### To do:
All of the data below should be repeated exactly. Pictures should not be included.

-*-*-

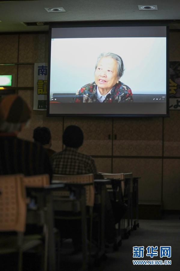 12月13日,人們在日本東京舉行的紀(jì)念南京大屠殺83周年集會現(xiàn)場觀看南京大屠殺幸存者石秀英的講述紀(jì)錄片。新華社記者 杜瀟逸 攝
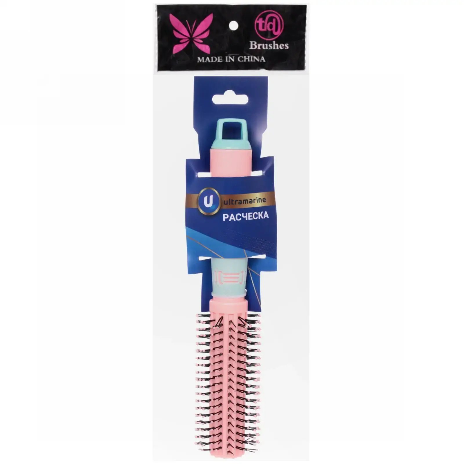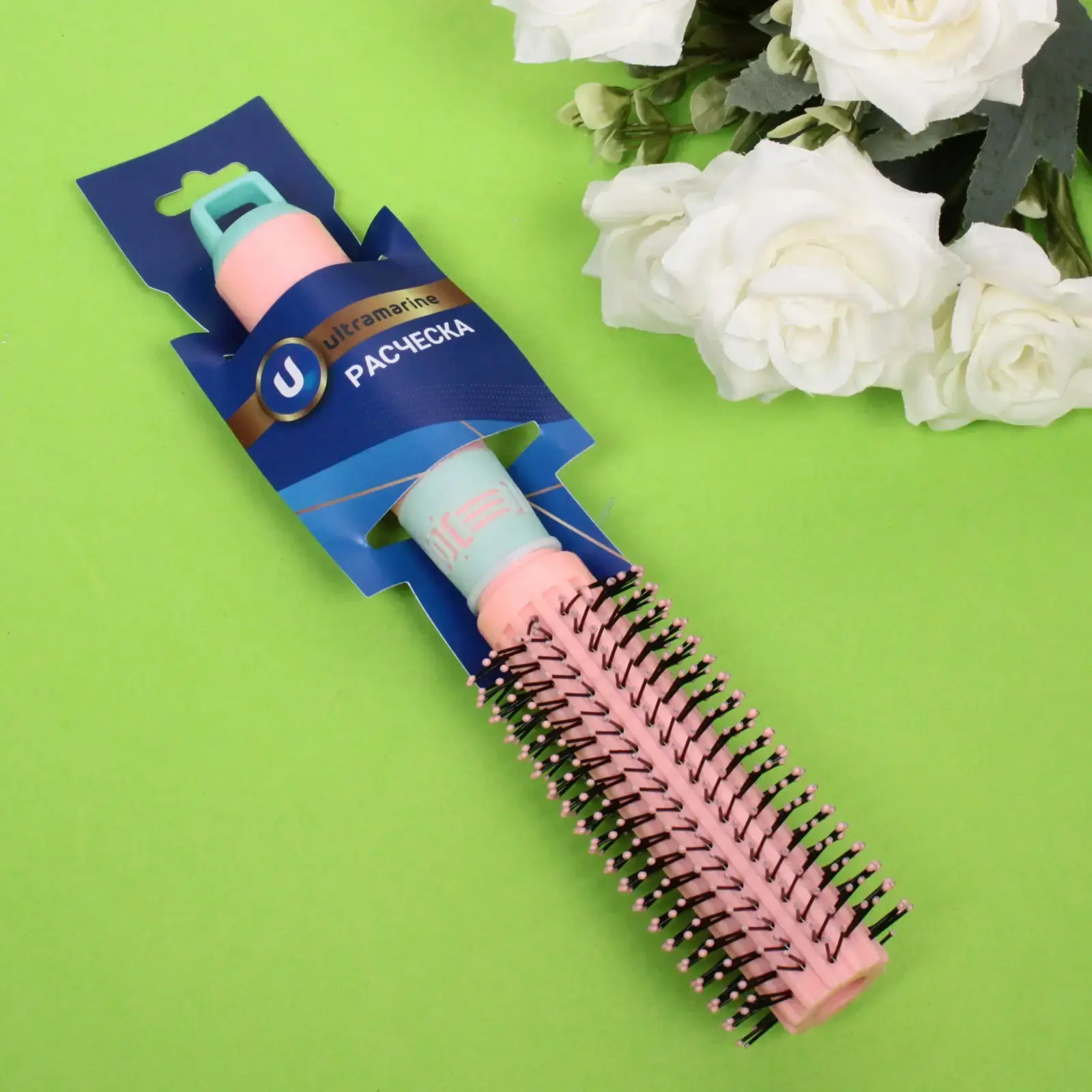 Расческа предназначена для укладки и распутывания волос, что делает её идеальной для всех типов волос. Её цилиндрическая форма и закругленные края позволяют легко проходить по волосам, не повреждая их структуру. Удобная ручка обеспечивает надежный захват, а легкий вес делает использование расчески комфортным даже при длительном укладывании.
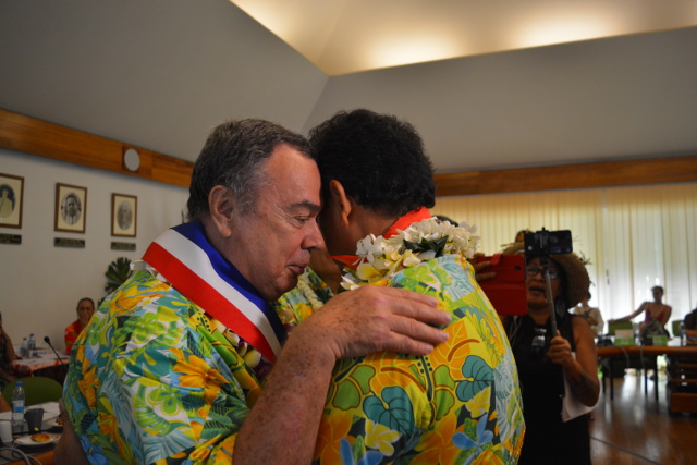 Antoine Rua et Georges Doom font leur entrée en tant que 9e et 10e adjoint. Aitu Pommier devient le premier adjoint. Le doyen de l'équipe municipale (72 ans en décembre) était jusqu'ici le deuxième adjoint en charge des finances. "J'ai été très touchée que Simplicio me propose cette fonction. Ce n'est pas un poste facile. En son absence, tout reposera sur moi. Mais dans la continuité de ce qu'a mis en place notre regretté tavana, j'ai décidé d'accepter cette fonction. Nous avons tous décidé d'être autour de Simplicio pour compléter l'œuvre de tavana."
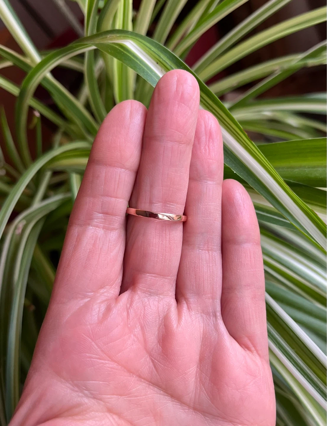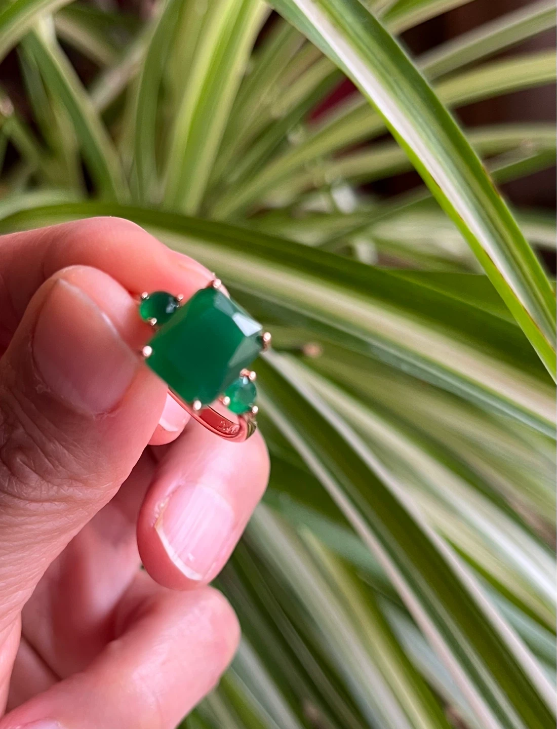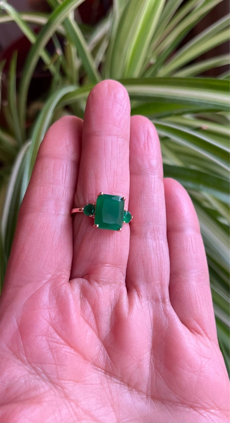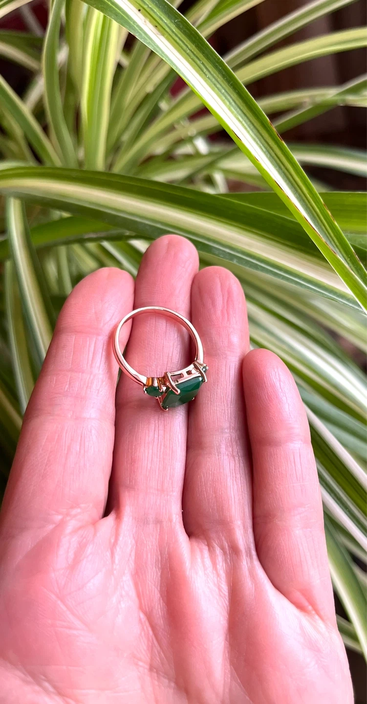 A beautiful ring featuring a central emerald-cut zircon, flanked by two smaller stones. It's set in a rose gold plated band.
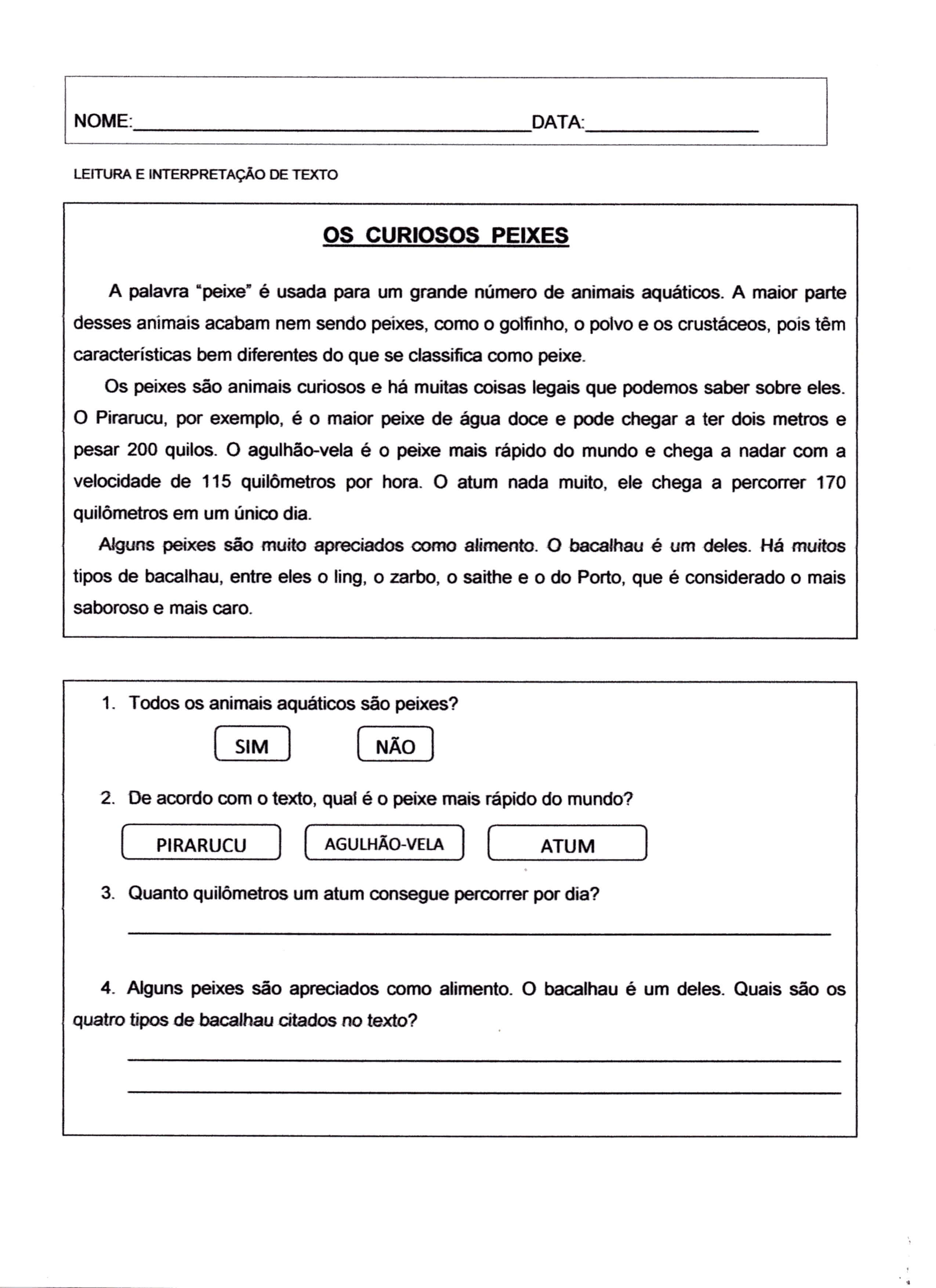 Leitura e Interpretação de texto-Os Curiosos Peixes. Atividade de Interpretação que permite estudar os peixes, seus ambientes e hábitos alimentares.
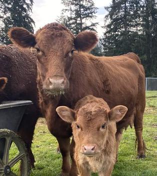 Pippin is actually the calf in this photo. Our last calf by Mrald Absolutely Perfect out of Rusty's Hot Cider. We successfully showed Pippin her yearling year and she has joined our brood cow string.
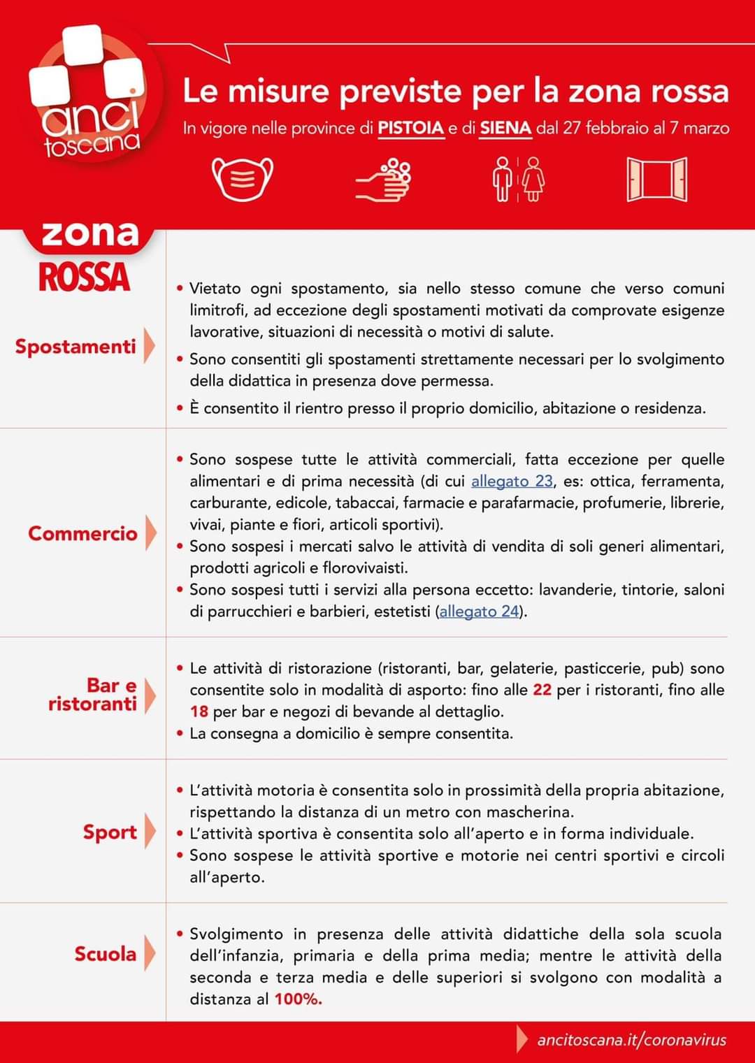 Si pubblica in allegato l'Ordinanza n. 6 del 26.02.2021 del Presidente della Giunta Regionale, Eugenio Giani, inerente il passaggio dei Comuni della Provincia di Pistoia a zona "rossa" dal 27 febbraio al 7 marzo 2021 compresi.

-*-*-

### Answer to this task:
 12月13日,人們在日本東京舉行的紀(jì)念南京大屠殺83周年集會現(xiàn)場觀看南京大屠殺幸存者石秀英的講述紀(jì)錄片。新華社記者 杜瀟逸 攝
 Расческа предназначена для укладки и распутывания волос, что делает её идеальной для всех типов волос. Её цилиндрическая форма и закругленные края позволяют легко проходить по волосам, не повреждая их структуру. Удобная ручка обеспечивает надежный захват, а легкий вес делает использование расчески комфортным даже при длительном укладывании.
 Antoine Rua et Georges Doom font leur entrée en tant que 9e et 10e adjoint. Aitu Pommier devient le premier adjoint. Le doyen de l'équipe municipale (72 ans en décembre) était jusqu'ici le deuxième adjoint en charge des finances. "J'ai été très touchée que Simplicio me propose cette fonction. Ce n'est pas un poste facile. En son absence, tout reposera sur moi. Mais dans la continuité de ce qu'a mis en place notre regretté tavana, j'ai décidé d'accepter cette fonction. Nous avons tous décidé d'être autour de Simplicio pour compléter l'œuvre de tavana."
 A beautiful ring featuring a central emerald-cut zircon, flanked by two smaller stones. It's set in a rose gold plated band.
 Leitura e Interpretação de texto-Os Curiosos Peixes. Atividade de Interpretação que permite estudar os peixes, seus ambientes e hábitos alimentares.
 Pippin is actually the calf in this photo. Our last calf by Mrald Absolutely Perfect out of Rusty's Hot Cider. We successfully showed Pippin her yearling year and she has joined our brood cow string.
 Si pubblica in allegato l'Ordinanza n. 6 del 26.02.2021 del Presidente della Giunta Regionale, Eugenio Giani, inerente il passaggio dei Comuni della Provincia di Pistoia a zona "rossa" dal 27 febbraio al 7 marzo 2021 compresi.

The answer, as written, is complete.